# MK4 Ecode No Amber running lights!



## Joshua D Chadwick (Feb 16, 2009)

Had to replace broken headlights on my Mk4. So I went with BFI's Smoked ecodes since they were cheaper than stock. I also ordered 2 of the amber 7505 bulbs that were on their site. Installed everything along with their fog light kit and euroswitch and for some reason the amber's won't light up unless you use the turn signal. 

Long story short my car wont pass inspection without these stupid lights working when the switch is turned on.


----------



## BsickPassat (May 10, 2010)

The law does not require the running lights (which are located under the h4 bulbs) to be only amber. They can be white or amber.

Otherwise, you have to see if the stock bulb holder fits, if so, then you have to run a wire from the exisiting ecode parking light to the 3-pin connector.


----------



## Joshua D Chadwick (Feb 16, 2009)

Thanks for the reply.

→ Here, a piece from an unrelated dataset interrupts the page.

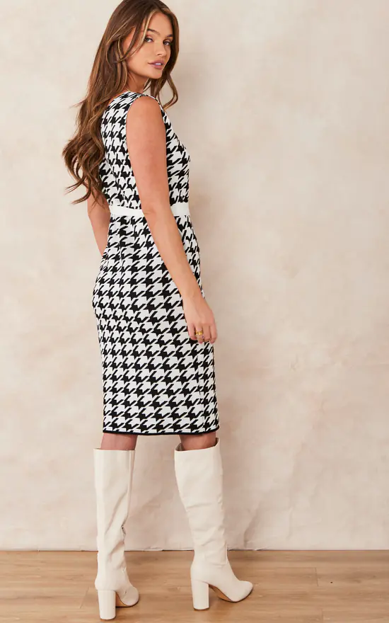 2 in 1 Midi dress and Cardigan in Black/White Goose foot print. V Neck Sleeveless Midi dress with wrap belt of the waist combined with Longline Cardigan with 2 pockets and buttons. Both items can be worn separately, which gives you opportunity to create many different outfits in Autumn-Winter season.

The ones I am talking about I guess are called "parking lights" they double as the turn signals. I found out the Ecodes do not have parking lights. Why? I don't know. I guess the Germans don't need them. I tried using wires from the stock US spec headlights wiring harness and I did get them to light up but when I do they wont double as a turn signal.


----------



## BsickPassat (May 10, 2010)

Joshua D Chadwick said:


> Thanks for the reply. The ones I am talking about I guess are called "parking lights" they double as the turn signals. I found out the Ecodes do not have parking lights. Why? I don't know. I guess the Germans don't need them. I tried using wires from the stock US spec headlights wiring harness and I did get them to light up but when I do they wont double as a turn signal.


Parking lights are below the H4 bulbs. Buy an amber 194 bulb... and you're done


----------



## Joshua D Chadwick (Feb 16, 2009)

I will, I wondered why their was a socket under the H4 and there isn't one on the US headlight. Thanks man.


----------



## piledriver (Jul 29, 2008)

This works. (DEPO Ecodes w/fogs in my case, the insulation finally all fell off of the stock lights interior wiring)

Move the gray wire from the center of the TS connector to the empty hole, use the US sockets with US bulbs, and clip/splice the red wire from the city lights to the center of the TS connector (use old socket pin, may need trimmed to lock)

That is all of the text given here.